Jacek wpadł na pomysł aby... pojechać zobaczyć pełnie księżyca nad jeziorem Piaski... byłem lekko zarobiony, ale chęci wygrały z obowiązkami, więc dałem kunę na cały wieczór z domu :) zbiórka na Głębokim w lekko żwawym tempie, w ciągu wesołych rozmów dojechaliśmy niemal w idealnym momencie nad jezioro, gdzie akurat zaczynało się zjawisko wschodu księżyca :)






była też część imprezowa w knajpie pod olbrzymim księżycem, Michał dokładnie wiedział co do sztuki ile zabrać kieliszków ;)




żeby kto nie miał złudzeń na czym tam przyjechaliśmy...








no i powrót do domu... trochę nam zeszło tej nocy ;)






modele ;)


Jak by to w skrócie podsumować, LUBIĘ TAKIE WYCIECZKI :)

Jacek, to kiedy v 3.0 ? :)
  • DST 45.00km
  • Sprzęt Ścigacz
  • Aktywność Jazda na rowerze
Sobota, 10 maja 2014

Lubbenau - Lubin (Błota)

I ostatni dzień wyprawy... a ja pomimo niespełna pięciu stopni na plusie wybrałem się na poranne focenie... bez rękawiczek!!!

potem standardowy zestaw śniadaniowy: makaron ze szparagami w sosie śmietanowo-serowym :)


a oto powód, dla którego przyjeżdżają tu całe wycieczki turystów..



w sezonie to dopiero musi tu być ciasno...



w Radusch była eko farma, nie dość że można było zaopatrzyć się w ich firmowe produkty, to jeszcze pooglądać zwierzaki...

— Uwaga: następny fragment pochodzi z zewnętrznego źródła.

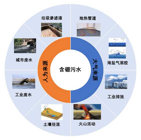 彩运cy888 硼通过矿物提取、煤炭燃烧、含硼砂产生的清洁剂的废水排放、硼肥等应用以及硼化物处理的木材的副燃烧进入水环境(图1)。由于人类活动的影响,已经观察到地下水和地表水中的硼浓度增加。硼在水生环境中的存在会对环境造成很大的影响。但从工业设施对硼的需求增加,水资源中硼的含量增加,水质标准变得更加严格。所以需要去除水中的硼来修复环境。脱硼方法包括膜分离、活性炭吸附、(电)凝聚和沉淀、萃取以及这些方法的组合。

osiołek był chyba nieco bardziej przyjazny... :)



i tak zwany koniec :)


  • DST 57.00km
  • Sprzęt Ścigacz
  • Aktywność Jazda na rowerze
Piątek, 9 maja 2014

Ruckersdorf - Sprewald

Rankiem ruszyliśmy w kierunku miejscowości Grabin... niezwykle ładnej jak się później okazało... :)

rynek

drugie śniadanie ;)


była tam jedna niezwykła uliczka, przepiękna, cicha o uspokojonym ruchu, a na wszystkich witrynach wystawowych... rowery!!!






niemiecka oszczędność, ale dla rowerzysty tyle w zupełności wystarczy :)

miejsce na odpoczynek...




w drodze do Lubbenau trafiliśmy na Schloss Drehna...

widok w środku zniewalający, zwłaszcza podniebienie... ale tym razem nie daliśmy się namówić :)


Furst-Puckler Weg, to w zasadzie tym szlakiem poruszaliśmy się po zjechaniu z Odra-Nysa...



i prawie u celu...




po rozbiciu namiotu, zrobiliśmy sobie jeszcze wieczorne zwiedzanie...


a tę burzę postanowiliśmy przeczekać na kolacji w knajpce...

  • DST 63.00km
  • Sprzęt Ścigacz
  • Aktywność Jazda na rowerze
Czwartek, 8 maja 2014

Grunewalde - Ruckersdorf

A kemping na którym spaliśmy był bardzo ciekawy... :)

odwiedziliśmy park rododendronów...

w pobliskiej wędzarni zakupiliśmy rybkę i zrobiliśmy sobie pyszne śniadanie...

tak mi smakowało :)

i pojechaliśmy w kierunku Elsterwerdy...






i dalej szlakiem do Bad Liebenwerda...





Dobra, ale nie szczecińska...

to się nazywa droga przez las :)



jeszcze kupiliśmy jajka na śniadanie...

i znaleźliśmy camping w pobliżu Ruckersdorf... był jakby w remoncie, jakby tylko bez prysznica, ale nad jeziorem i chyba za 5 euro za wszystko... :)

  • DST 67.00km
  • Sprzęt Ścigacz
  • Aktywność Jazda na rowerze
Środa, 7 maja 2014

Gross Koschen - Grunewalde

Kemping Family... to niezły wypasik, mnóstwo miejsca, pełno pięknych domków do wynajęcia, elegancka kuchnia do gotowania, pełno toalet, tylko że... no właśnie oni te toalety na noc zamykają... że niby gdzieś tam któraś jest otwarta, a reszta pomiędzy 6-7... normalnie zrobiłem trzy kółka wokół placu już sobie znalazłem odpowiednie miejsce i... na szczęście około 7:30 przyjechał koleś na rowerze je otworzyć :) w nocy trochę padało, ale na dzień zapowiadała się w miarę dobra pogoda...
Wokół pełno kanałów i jeszcze więcej dróg rowerowych :)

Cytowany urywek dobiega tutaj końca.